Женщины, когда они слабы, они лежат из страха. Мужчины, когда они сильны, они лежат из высокомерия.
Повторяется ли история, впервые как трагедия, второй раз, как фарс? Нет, это слишком грандиозно, слишком считается процессом. История просто отрыгается, и мы снова попробовать этот сырой сэндвич с ним поглотил много веков назад.
Если это действительно духи англичан и англичан, которые перешли в следующий мир, они наверняка знают, как сформировать правильную очередь?
Гордость заставляет нас жаждать решения для вещей - решением, целью, конечной причиной; Но чем лучше становятся телескопы, появляются больше звезд.
Ирония - современный режим: либо отметка дьяволов, либо сноркелин здравомыслия.
Когда вы пишете художественную литературу, ваша задача - отразить самые полные осложнения мира
Время ... дайте нам достаточно времени, и наши лучшие решения будут казаться шаткими, наша уверенность причудливо.
Мистификация проста; Ясность - самая сложная вещь из всех.
Это был еще один из наших страхов: эта жизнь не оказалась бы похожей на литературу.
Мы живем с такими простыми предположениями, не так ли? Например, эта память равна событиям плюс время. Но все это намного странно, чем это. Кто сказал, что память - это то, что мы думали, что забыли? И это должно быть очевидным для нас, что время не действует как фиксатор, скорее как растворитель. Но это не удобно-это бесполезно-верить в это; Это не помогает нам продолжить нашу жизнь; Итак, мы игнорируем это.
Способы, с помощью которых книга, когда -то прочитанная, остается (и меняется) в сознании читателя, непредсказуемы.
История - это то, что достоверность, созданная в точке, где недостатки памяти соответствуют недостаткам документации.
Иногда вы находите панель, но она не открывается; Иногда он открывается, и ваш взгляд не встречается только с скелетом мыши. Но, по крайней мере, ты посмотрел.

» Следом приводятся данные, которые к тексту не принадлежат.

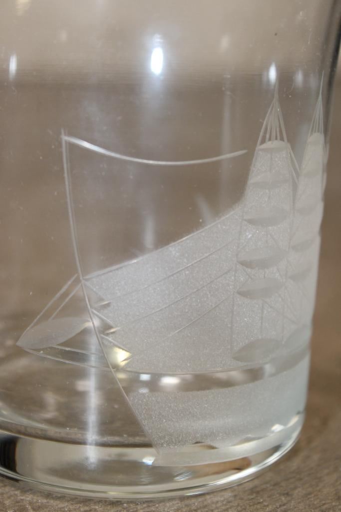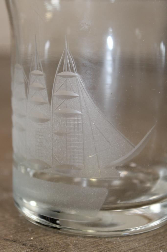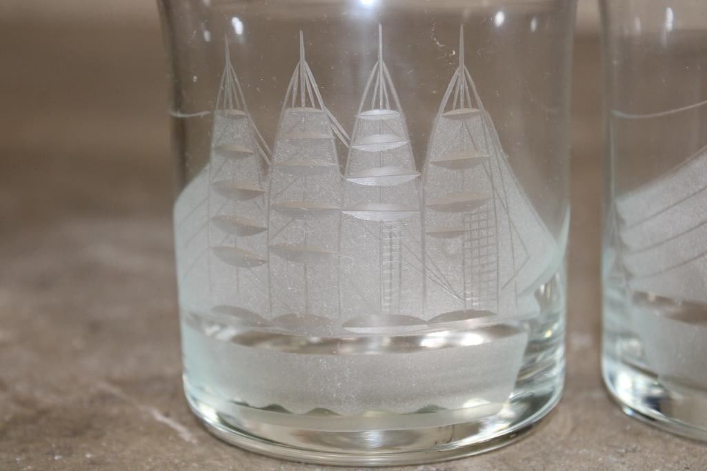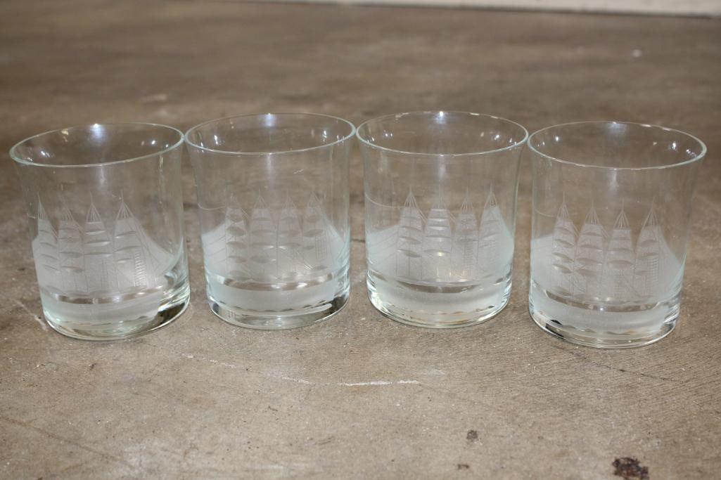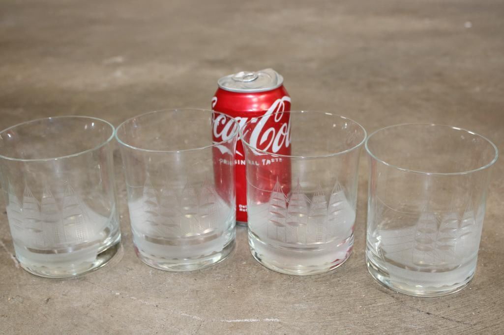 Set of (4) Vintage "Clipper" by Toscany Etched Old-Fashioned Whiskey Glasses. They hold 12 oz each and measure 4" Tall x 3.5" Diameter. They have a lipped rim. (ONE$) COLLECTIBLE BARWARE AND GLASSES

Это настоящее различие между людьми: не между теми, у кого есть секреты, и теми, кто этого не делает, а между теми, кто хочет знать все, и теми, кто этого не делает. Этот поиск - признак любви, который я поддерживаю.

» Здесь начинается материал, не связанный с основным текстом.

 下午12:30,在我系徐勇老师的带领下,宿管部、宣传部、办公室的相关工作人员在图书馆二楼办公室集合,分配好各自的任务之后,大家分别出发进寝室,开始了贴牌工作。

Он боялся меня так, как многие мужчины боятся женщин: потому что их любовницы (или их жены) понимают их. Они едва ли взрослые, некоторые мужчины: они хотят, чтобы женщины понимали их, и с этой целью они рассказывают им все свои секреты; А потом, когда их правильно понимают, они ненавидят своих женщин за понимание их.
Большинство людей, на мой взгляд, крадут большую часть того, что они есть. Если бы они не были, какими плохими предметами они были бы.
Я хотел, чтобы жизнь не беспокоила меня слишком сильно и преуспел - и как это было жалко.
Возможно, любовь очень важна, потому что это ненужно.
Одна из проблем такова: сердце не в форме сердца.
Глобальное потепление - это скорее благословение, чем проклятие.
И, возможно, именно так и в случае, когда на всю жизнь борется внутренняя борьба, вы, наконец, были не более чем то, что другие видели вас. Это была ваша природа, понравилось ли вам это или нет.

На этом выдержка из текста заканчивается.